#### [What is expected]
Copy out precisely the lines from the start of the data through the line with "ANYCO Earrings Gold", and keep pictures out of it.

Stored entries:
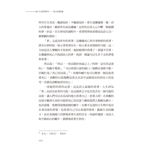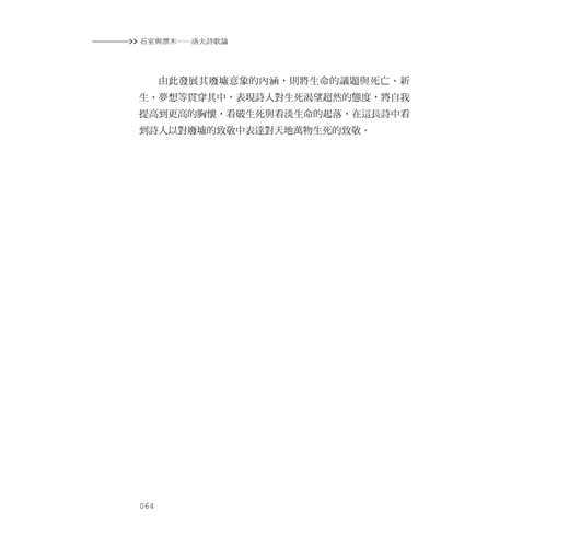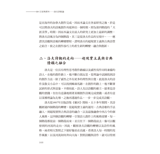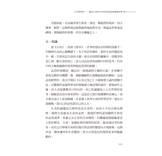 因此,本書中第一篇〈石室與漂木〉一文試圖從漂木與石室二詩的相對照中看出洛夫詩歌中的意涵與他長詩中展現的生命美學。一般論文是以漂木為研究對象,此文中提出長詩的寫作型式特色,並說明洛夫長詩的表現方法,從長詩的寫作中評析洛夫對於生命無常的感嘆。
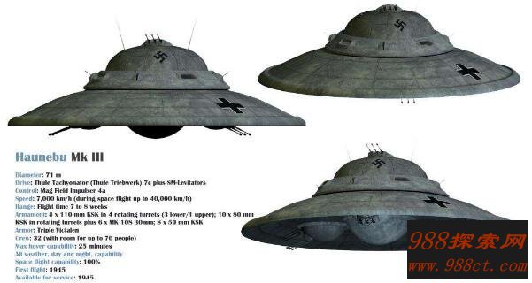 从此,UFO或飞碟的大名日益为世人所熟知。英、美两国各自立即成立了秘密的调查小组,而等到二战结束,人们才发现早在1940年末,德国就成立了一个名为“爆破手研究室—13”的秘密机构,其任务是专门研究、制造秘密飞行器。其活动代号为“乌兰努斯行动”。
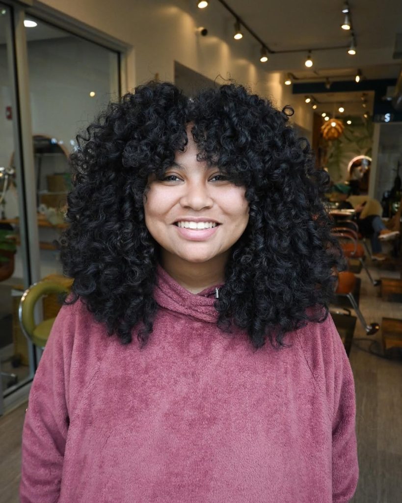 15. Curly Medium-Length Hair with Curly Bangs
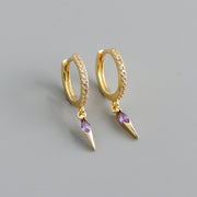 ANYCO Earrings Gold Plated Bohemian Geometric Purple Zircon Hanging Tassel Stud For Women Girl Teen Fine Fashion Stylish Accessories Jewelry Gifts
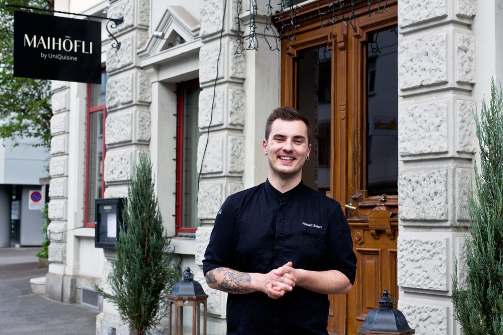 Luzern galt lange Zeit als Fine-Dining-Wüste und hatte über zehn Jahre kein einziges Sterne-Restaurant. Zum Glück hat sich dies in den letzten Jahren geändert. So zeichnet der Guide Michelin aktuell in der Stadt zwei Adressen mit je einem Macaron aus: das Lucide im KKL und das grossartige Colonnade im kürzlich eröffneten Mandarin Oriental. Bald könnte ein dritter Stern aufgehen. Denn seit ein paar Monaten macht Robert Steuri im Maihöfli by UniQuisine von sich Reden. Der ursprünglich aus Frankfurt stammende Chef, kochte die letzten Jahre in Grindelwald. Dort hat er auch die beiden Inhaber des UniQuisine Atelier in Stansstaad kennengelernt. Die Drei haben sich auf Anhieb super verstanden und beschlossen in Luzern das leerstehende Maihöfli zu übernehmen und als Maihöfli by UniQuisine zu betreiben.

#### [Response to the task]
 因此,本書中第一篇〈石室與漂木〉一文試圖從漂木與石室二詩的相對照中看出洛夫詩歌中的意涵與他長詩中展現的生命美學。一般論文是以漂木為研究對象,此文中提出長詩的寫作型式特色,並說明洛夫長詩的表現方法,從長詩的寫作中評析洛夫對於生命無常的感嘆。
 从此,UFO或飞碟的大名日益为世人所熟知。英、美两国各自立即成立了秘密的调查小组,而等到二战结束,人们才发现早在1940年末,德国就成立了一个名为“爆破手研究室—13”的秘密机构,其任务是专门研究、制造秘密飞行器。其活动代号为“乌兰努斯行动”。
 15. Curly Medium-Length Hair with Curly Bangs
 ANYCO Earrings Gold Plated Bohemian Geometric Purple Zircon Hanging Tassel Stud For Women Girl Teen Fine Fashion Stylish Accessories Jewelry Gifts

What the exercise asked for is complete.